Rejet du référé-suspension contre l'exclusion temporaire de fonction pour refus d'ôter un "calot infirmière"

Suite de l'affaire du “calot” avec une seconde saisine en référé-suspension de la sanction d'exclusion temporaire des fonctions de huit mois prononcée à l'encontre de l'infirmière, après retrait de la sanction de révocation initialement prononcée par la directrice du hospitalo-universitaire « APHP Sorbonne Université ».

Lors d'un premier référé-suspension, le tribunal administratif de Paris le 6 janvier 2026 (n°2535894) avait suspendu la révocation infligée à une infirmière de l'établissement “au motif du port d’une tenue vestimentaire inadaptée, à savoir un couvre-chef, et des refus réitérés de l’ôter en dépit des demandes lui ayant été adressées.” (voir notre veille “La sanction de révocation est disproportionnée pour le port reproché d'un calot”).

Le TA avait alors estimé que la sanction était disproportionnée.

La directrice du groupe hospitalier a procédé au retrait de la première sanction, puis prononcé la sanction d'exclusion temporaire de huit mois.

L'infirmière conteste à nouveau, en reprenant ses arguments.

Mais ici, le TA rejette sa demande dans son ordonnance n° 2604445/6 du 18 février 2026. 
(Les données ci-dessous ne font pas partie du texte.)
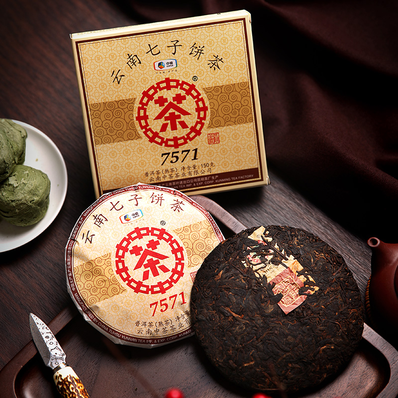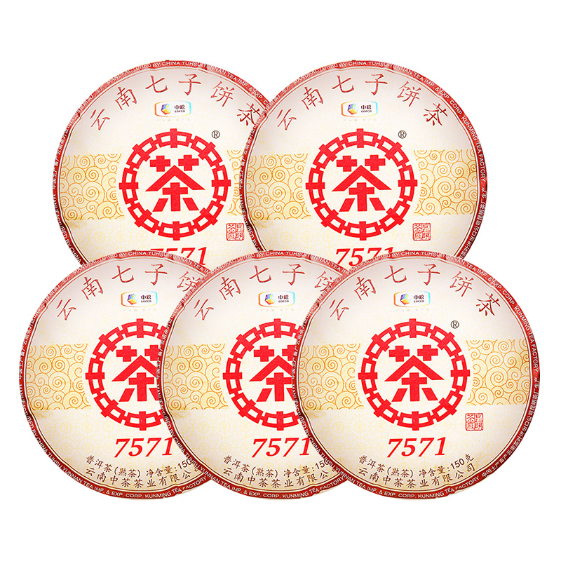 中茶云南普洱茶经典7571普洱茶熟茶150g/饼 整提5饼装 中茶旗舰店
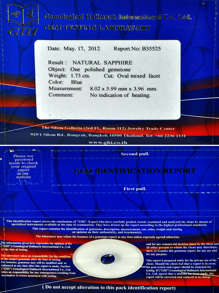 Blue Sapphire Certified 1.73 Ct. Oval Shape Natural Unheated Gemstone Nigeria

Tout d'abord, la sanction ne repose pas sur des motifs discriminatoires : la requérante a fait l'objet d'une exclusion temporaire de fonction, d'une durée de huit mois, pour le seul motif tiré du refus d'ôter un couvre-chef porté de façon permanente, hors intervention chirurgicale et en contradiction avec les règles d'hygiène et de sécurité des soins, et ce, malgré des injonctions répétées en ce sens et le blâme prononcé à son encontre le 5 mai 2025 pour ce même motif.

Peu importe d'ailleurs que d'autres soignants portent également un calot sans avoir fait l'objet de sanction.

Le TA se fonde à nouveau sur le devoir d'obéissance (art. L. 121-10 du code général de la fonction publique). Se référant aux recommandations émanant du comité de lutte contre les infections nosocomiales (CLIN), selon lesquelles l'utilisation d'un couvre-chef « doit être strictement réservée à la réalisation de l'acte ou bien du secteur » pour lequel il est prescrit, le tribunal administratif estime que le port continu de ce “couvre-chef”, sans distinction de soin ou de lieu, dans l'enceinte de l'hôpital comme en dehors, présente un risque infectieux non-négligeable pour les patients et qu'il lui a été demandé de très nombreuses fois de l'ôter (injonctions sur une période de près d'une année avec un blâme quelques mois plus tôt pour ce motif). L'argument selon lequel elle a longtemps pu porter un couvre-chef sans qu'aucune remarque ne lui ait été adressée par sa hiérarchie n'est pas vraiment pris en compte.

Rien n'est de nature à créer un doute sérieux quant à la légalité de la décision attaquée ; par conséquent, les conditions du référé-suspension ne sont pas remplies et la requête est rejetée.

Reste à savoir ce qu'en diront les juges saisis au fond.